The bunny egg cosies provided an opportunity to give my new all-the-way-from-China bobble makers a trial run. The process of making each bobble was amazingly quick, I wish I’d spent my £1.89 (or whatever it cost for several different sizes of the things) years ago. Honestly, it’s worth it even if you think you’ll never need to make another bobble, for the aggravation it saves. The experience was so pleasurable and stress-free that I’m looking around now for other things I can sew bobbles onto. There’s a deer that has moved into a wooded area about 20 metres from our back door and every time I walk that way I think it’s moved elsewhere until it leaps up virtually at my feet and bounds away, white tail bobbing. A deer egg cosy would give me a reason to make more bobbles, but I think that’s beyond me.
Maybe a frog would work, I have lots of green yarn left from last year’s Tour de France bunting, and yellow chicks could be on the cards too. The red and white would make a fly agaric toadstool.
I was wondering how to knit the almost-spherical frog eyes from the Twins froggy egg cosy. A lace shawl specialist in my knitting group suggested looking at the disappearing loop cast-on. I consulted my new circular knitting book, Circular Knitting Workshop, which mentions it but disappointingly doesn’t show how to do it. It only provided a link to a TECHknitting tutorial, which I couldn’t follow at all. I generally prefer a written tutorial with photos or drawings to a video, it’s quicker to follow and there’s no need to keep stopping and re-running the video at the tricky bits – not easy with a needle in each hand. But it does depend very much on the quality of the tutorial, and I’ve never had problems with TECHknitting before. Maybe it’s just me, but after 10 minutes of studying the instructions and trying it out with needles and yarn I still couldn’t get it to work.
I resorted to googling for Youtube videos and found one that shows both the Techknitter-style disappearing loop cast-on and a very similar one. Best of all, it shows the two techniques clearly and repeatedly, and I was able to follow it with no trouble. I love this closed cast-on! After getting a couple of rounds in, you just pull up the “tail” and the hole vanishes completely, provided you have cast on using needles a couple of sizes smaller than the rest of the knitting. I will use it for top-down hats and bottom-up bags.
The black pupil is embroidered on afterwards, in case you’re wondering. The white side is the cast-on side.

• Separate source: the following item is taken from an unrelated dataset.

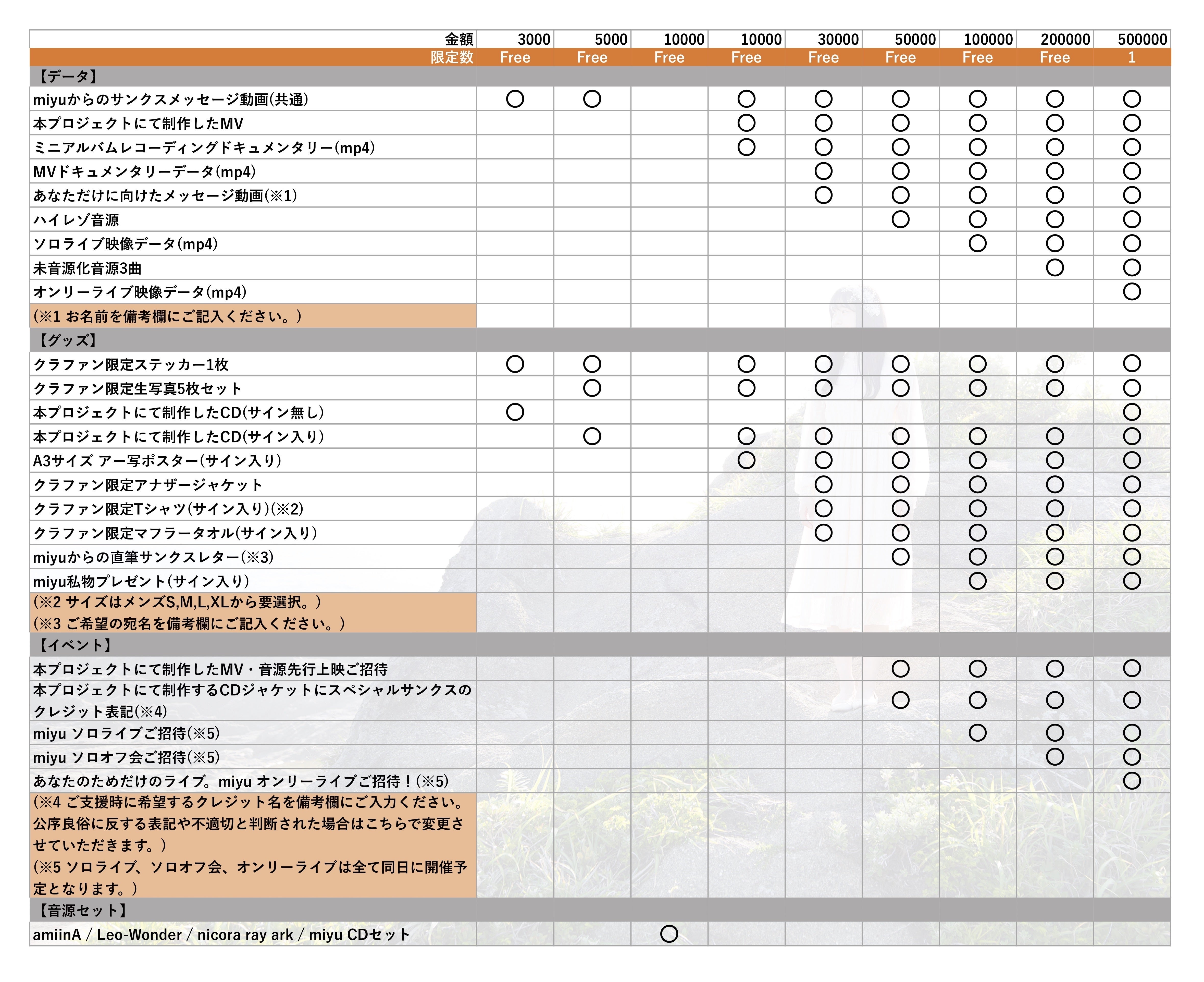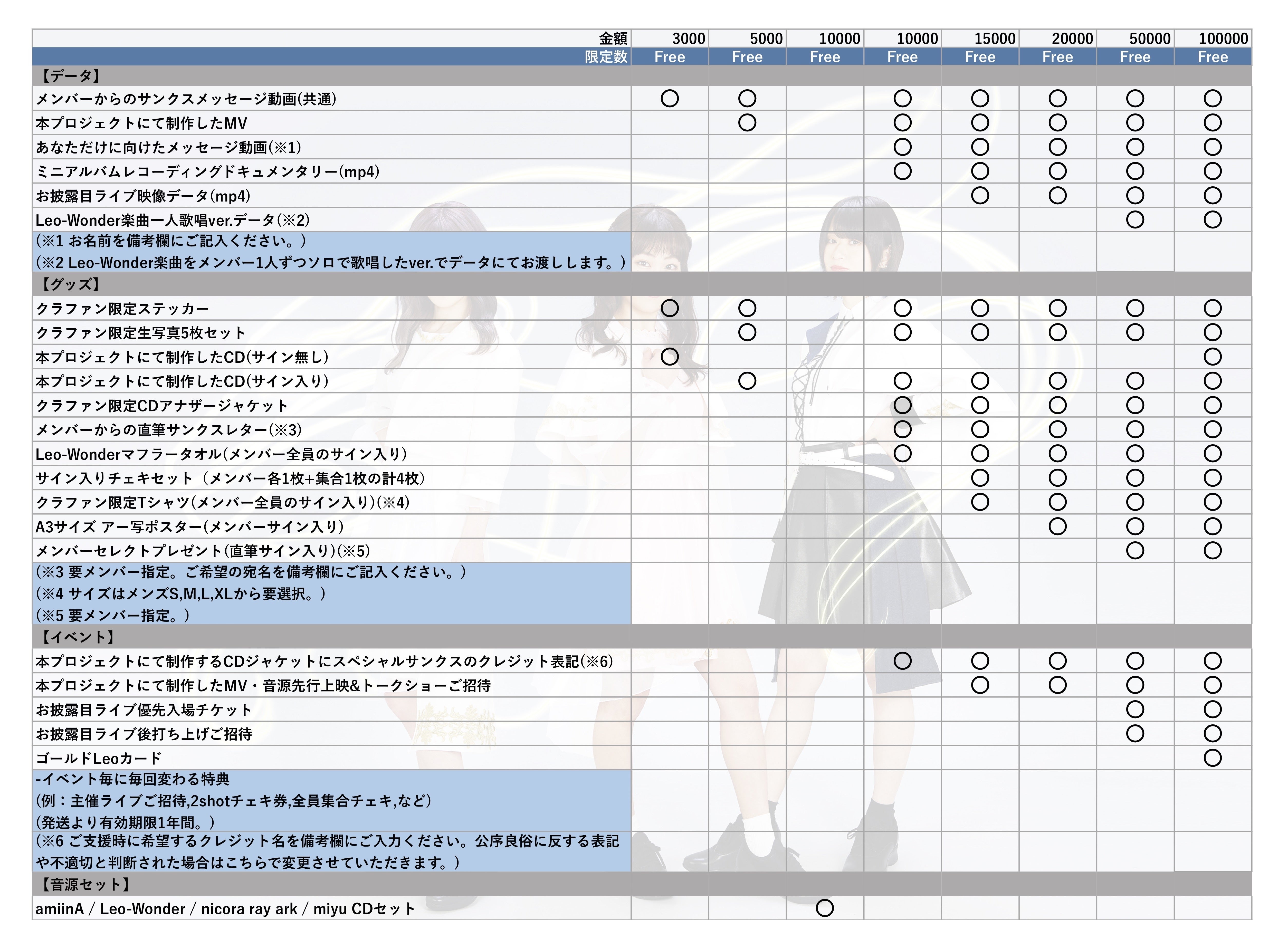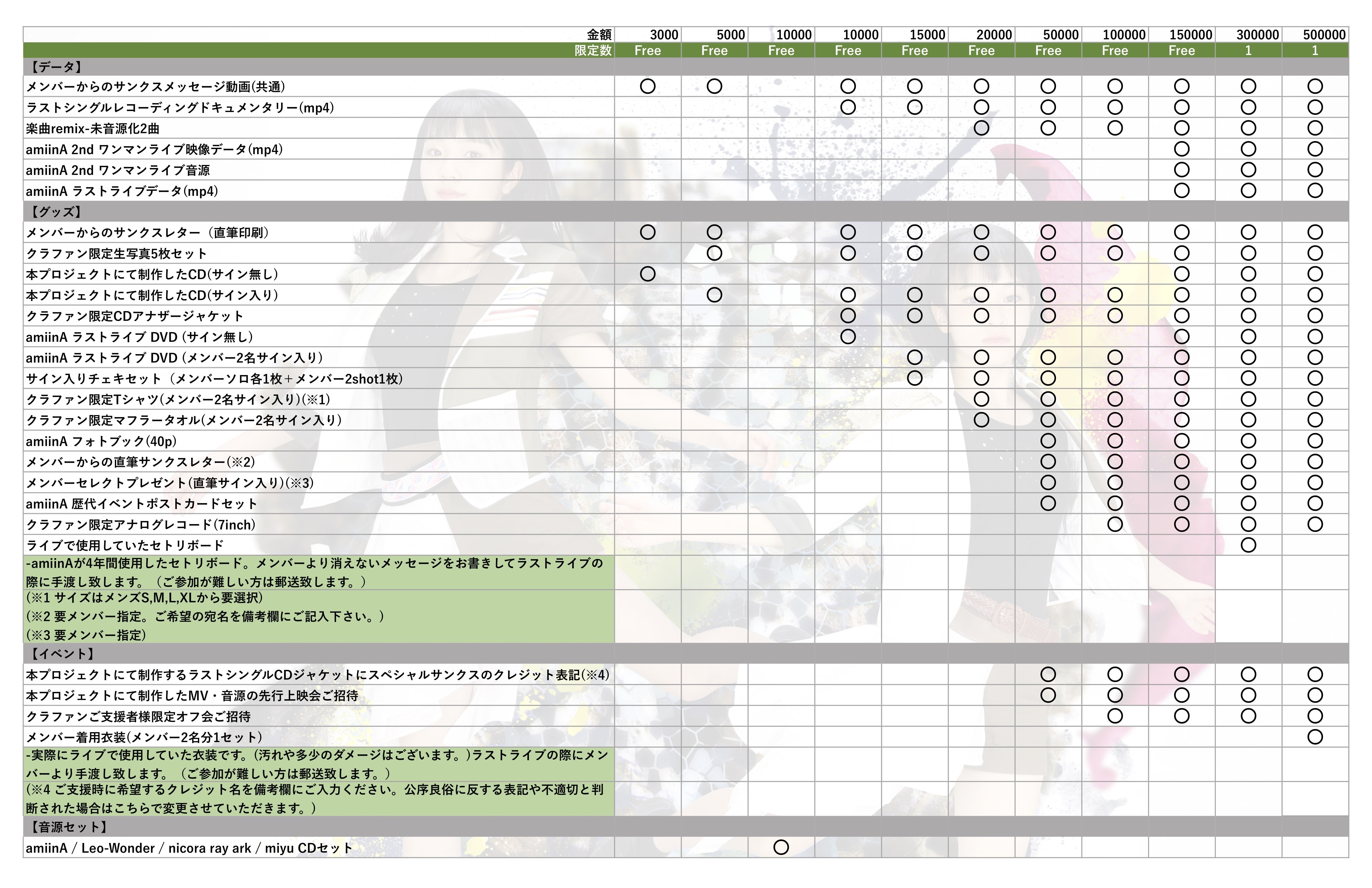 例:主催ライブご招待、優先入場、集合チェキ無料…など毎回特典は変わります。

Ever since I attended a wonderful Saturday workshop at Bradford College about 10 years ago, I try to make the greetings cards I send to family and close friends. I made my first pop-up one last week, using a tutorial I found in the Flowerbug’s Inkspot blog. It’s a very simple concept but quite effective, I think. Unlike so many card designs, it’s suitable for boys and men, and because it only needs small quantities of the patterned papers it’s good for using up scraps. I’ve added it to my repertoire of the designs that I make repeatedly.